Have your team work together to define clear team goals. What things must be worked on as a team? How often? What does the team need to learn? Plan and structure team meetings to achieve those specific outcomes.
Team time is important for collaboration and idea generation. It’s important for problem solving and process improvements. Team time is also important to have discussions about what people are worried about, answer questions, and calm uncertainty.
Defined outcomes.
They drive Individual productivity. If you define clear desired outcomes for content, schedule and quality—it should not matter when or where employees do the work—as long as they deliver.
If you’ve given someone clear direction on required outcomes and defined stretch goals, you never have to make a personal judgment about whether someone is working hard enough. Clearly defined and measured results tell the whole story. But if you are vague on expectations, productivity will decline. You get what you measure.
Create an atmosphere of flexibility.
One of the reasons people like working outside the office is that they feel in control and they feel trusted. That is good for motivation and productivity. I am a big believer in treating people like humans (not as resources) and acknowledging that they have a life that matters outside of work.
If you give people schedule flexibility to deal with daily daycare drop-offs and pick-ups and school events, or allow them time away to care for sick family, in my experience, they become much more motivated, loyal, and productive.
People will move mountains for you if you respect them as people, and don’t force them work on a very specific, lock-down schedule when it doesn’t matter.
Don’t fall hostage to physical boundaries.
I used to think that I could only do team building activities during the moments when I could get my team together physically. But then I realized that I was being uncreative and that there are actually many possibilities.
You can’t let a lack of physical presence keep you from establishing team camaraderie, and building team performance. With a little bit of effort and the use of technology, there are many ways to do team building virtually.
First get your head around having a virtual meeting just for the purposes of doing team building. Schedule it and don’t talk about status or projects. Create a template ahead of time that everyone fills in with things like, photos related to their favorite hobby or vacation, favorite books, movies, music. Better yet, let the team crowd source what they want to put on the template.
Then have a team building meeting where everyone shares what they prepared and the whole purpose of the meeting is to have fun and get to know each other better. Get in the habit of using video instead of audio only.
I was pleasantly surprised at how this type of effort could create such strong personal relationships and that trust could be built even if people had never met.
Keep open dialogue around career development.

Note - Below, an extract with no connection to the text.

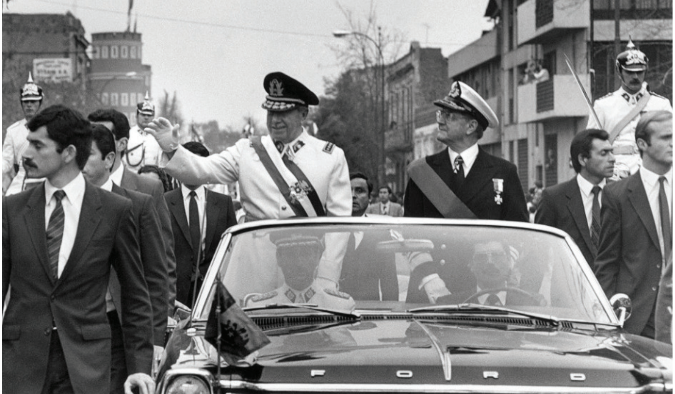
General Augusto Pinochet

The terror and horror that this country witnessed brings forth the tension and heartache that the Chilean people experience. Though it has been nearly 43 years since the coup, Chilean culture, along with the heart of the country, has changed. Chile, after Pinochet, hasn't been quite the same. Pinochet left the state having to start from scratch and fix the holes he created in the country in terms of economic and social programs.

Another important factor in motivation is that people feel that there are career development opportunities. When you don’t work in the same place as your boss, or if you are working from home, sometimes the idea of a career path seems absent, or people assume they are on their own.
If you want to build motivation and loyalty, don’t forget to include career development conversations with your employees. Investing in your employees' development is motivating and shows them there is a reason to continue to invest their best efforts in making your business successful.